Why can best-eligible time series show jumps at cycle boundaries?

In /timeseries, each valid time uses the shortest eligible lead-time value under your filters. Around cycle boundaries, the selected source run can change, which may create step-like jumps.

Simple ways to reduce this:

  • Use /runs and keep a fixed run for the whole curve when you need run-consistent behavior.
  • Where available, query only horizon 0 with minLeadTime: "0h" and maxLeadTime: "0h".
  • For smoother intrahour visualization, linearly interpolate between consecutive horizon-0 points (for example between hourly anchors).

Backfills and Performance

How should I structure large backfills safely and cheaply?

For large backfills, optimize for stable throughput and low overhead per returned point.

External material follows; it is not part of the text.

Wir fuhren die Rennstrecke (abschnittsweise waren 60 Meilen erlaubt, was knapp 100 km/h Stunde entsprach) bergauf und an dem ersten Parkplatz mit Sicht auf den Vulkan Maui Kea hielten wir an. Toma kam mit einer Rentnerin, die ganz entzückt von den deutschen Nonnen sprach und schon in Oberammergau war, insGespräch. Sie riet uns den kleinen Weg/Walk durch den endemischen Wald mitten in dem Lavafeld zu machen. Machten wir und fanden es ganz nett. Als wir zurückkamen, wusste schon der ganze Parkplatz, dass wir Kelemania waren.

  • Split work so each request takes around 10 to 15 seconds in your environment.
  • Request as many coordinates as possible per request while staying in that 10-15 second target.
  • For sparse timestamps (both /timeseries and /runs), use timesList instead of broad range selectors.
  • Keep variables focused; extra variables multiply output volume and credits.
  • Dry-run a small slice first, then scale with the same request shape.

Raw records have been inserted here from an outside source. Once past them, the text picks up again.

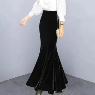 Welurowa ołówkowa spódnica maxi - Czarny M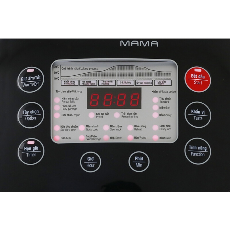 Chế độ: Đa chức năng nấu: cơm, cháo, chè, hấp, soup….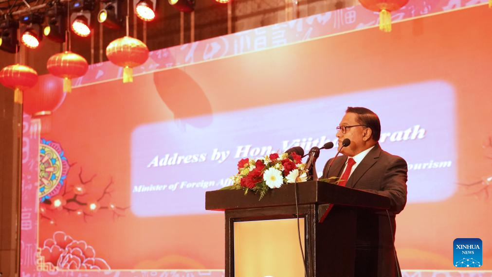 Sri Lankan Foreign Minister Vijitha Herath delivers a speech at a Chinese New Year reception in Colombo, Sri Lanka, Feb. 9, 2026. (Xinhua/Wu Ziyu)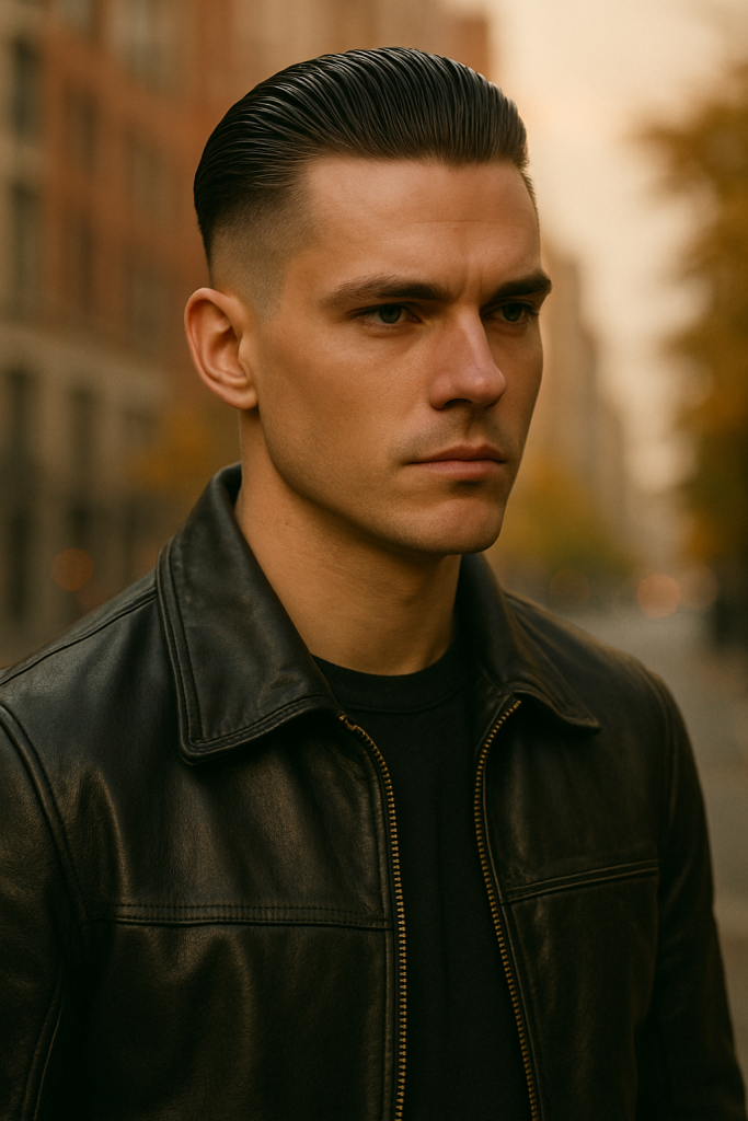 Looking for something sleek and professional? The slicked-back undercut delivers. With longer top hair slicked over short faded sides, it’s bold but classy.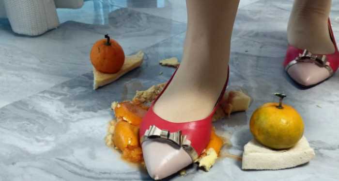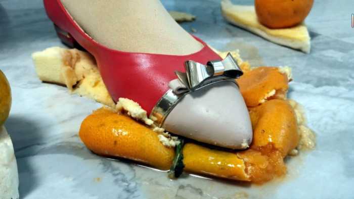 挑了一双平底鞋疯狂榨汁,踩了橘子和柠檬,汁水飙的丝袜上到处都是,踩碎的果肉还有切片面包混合起来,黏糊糊的一坨,踩起来真的又恶心又爽。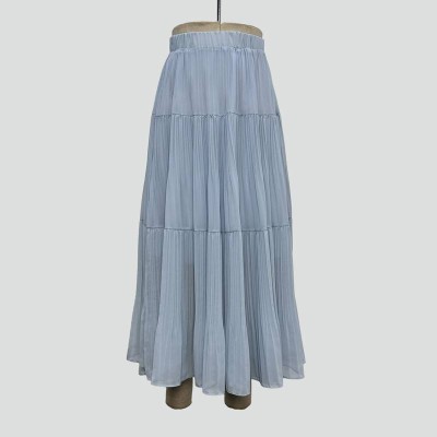 Light Blue Pleated Patchwork High Waist Maxi Skirt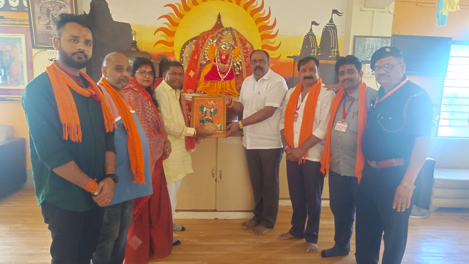 यावेळी सप्तश्रृंगी देवी निवासिनी ट्रस्टच्या वतीने व्यवस्थापक सुदर्शन दहातोंडे यांनी भरत गावित व संगीता गावित यांचा आई सप्तश्रृंगी मातेची प्रतिमा देऊन सत्कार केला. याप्रसंगी नवापुर येथील आई सप्तश्रृंगी प्रतिष्ठानचे अध्यक्ष हेमंत जाधव, उपाध्यक्ष रज्जू अग्रवाल, सचिव शैलेश सैन, हेमंत शर्मा उपस्थित होते.
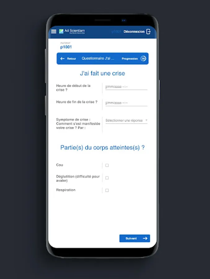 Developed with Pitié-Salpêtrière clinicians and patients, the Inclusia solution offers many features: complex and customizable questionnaires, multiple branches, notifications, photos taken, additions of attachments, voice recordings, etc.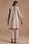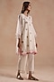 Featuring an ivory kurta in chanderi silk base with floral embroidery and lace detailing. It is paired with cotton straight pants and a cotton slip. Style it with oxidised jewellery and heels for festive look or family celebrations.

If you need temporary high-throughput backfills, contact us so we can plan a front-loaded window safely.

How does caching affect pricing and performance?

Cache hits are billed at 10% of normal credits and are usually much faster.

Cache tends to help most on data queried repeatedly, for example:

  • actual-like/lowest-horizon pulls requested many times
  • recent runs/time windows that clients poll repeatedly

Important behavior:

  • Cache keys include the selected coordinate set, so changing coordinates usually produces a different key.
  • Very large coordinate requests are not cache-eligible (currently > 10000 coordinates).
  • Older, high-horizon combinations are less likely to be cacheable than recent/short-horizon queries.
What request headers are recommended for production?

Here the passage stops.